Arithmetic intensity, 산술강도는 연산량/메모리량, ops/byte(mem) 으로 나타낸다. 즉 AI가 높을수록 동일한 메모리로 더 많은 연산을 할 수 있음을 의미한다. 이전 챕터에서는 SRAM (Shared memory of CUDA), 1d tiling 을 활용해서 성능을 끌어올렸다. 한개의 스레드에서 아래와 같이 여러개의 결과를 만들어낸다. 살펴본 경우와 더불어 확장된 알고리즘의 AI를 생각해보자.

앞서 살펴본 커널에서, 한개의 결과만 만들어내는 경우는 17 load 가 필요하다. 반면 1d tiling을 하는것만으로도 11 load 로 줄어들게 되는데, 2d tiling을 하게 되면 9 load로 그보다 더 줄어든다. 이는 GEMM 연산의 특징으로 메모리를 재사용하는 방향으로 최적화를 더 진행해야됨을 알 수 있다.

4. SRAM 2d tilling

2d tiling이 더욱 효과적인 것을 알았으니 이제 구현해보자. TN 변수를 추가해서 loop를 확장한다.

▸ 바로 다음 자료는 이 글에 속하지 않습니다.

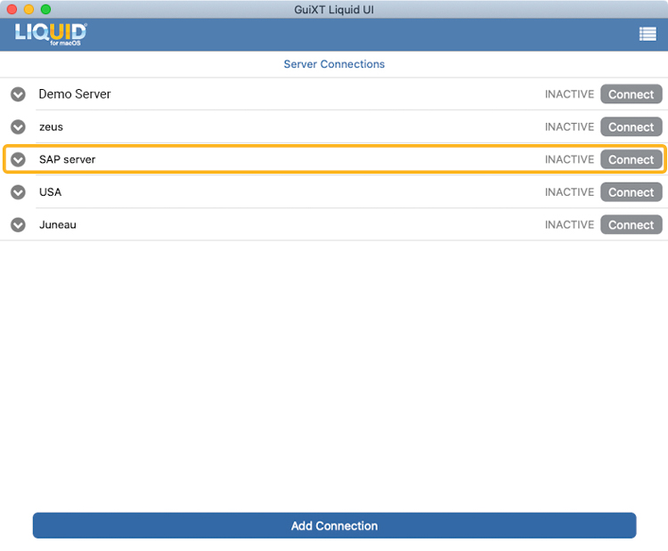 - Log into your Liquid UI for macOS app. On the Server Connections screen, click Add Connection to add a new connection.
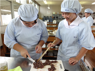 本日、③④限目、3年生活経営科「郷土料理」にて、鹿肉カレーを作りました。

  int totalResultsBlocktile = BM * BN;  // 128*128=16384
  int numThreadsBlocktile = totalResultsBlocktile / (TM * TN);  // 16384/(8*8)=256
  int strideA = numThreadsBlocktile / BK;  // 256/8=32

  for (int bkIdx = 0; bkIdx < K; bkIdx += BK) {
    for (int offset = 0; offset < BM; offset += strideA) {
      A_shared[(innerRowA + offset) * BK + innerColA] =
          A[(innerRowA + offset) * K + innerColA];
    }
    for (int offset = 0; offset < BK; offset += strideB) {
      B_shared[(innerRowB + offset) * BN + innerColB] =
          B[(innerRowB + offset) * N + innerColB];
    }
    __syncthreads();

    A += BK;
    B += BK * N;

    for (int dotIdx = 0; dotIdx < BK; dotIdx++) {
      for (int i = 0; i < TM; i++) {
        regM[i] = A_shared[(threadRow * TM + i) * BK + dotIdx];
      }
      for (int i = 0; i < TN; i++) {
        regN[i] = B_shared[dotIdx * BN + threadCol * TN + i];
      }
      for (int resIdxM = 0; resIdxM < TM; resIdxM++) {
        for (int resIdxN = 0; resIdxN < TN; resIdxN++) {
          threadResults[resIdxM * TN + resIdxN] +=
              regM[resIdxM] * regN[resIdxN];
        }
      }
    }
    __syncthreads();
  }

BM=BN=128, BK=TM=TN=8로 아래와 같이 커널을 실행시킨다. 한 블록당 스레드는 256개이다.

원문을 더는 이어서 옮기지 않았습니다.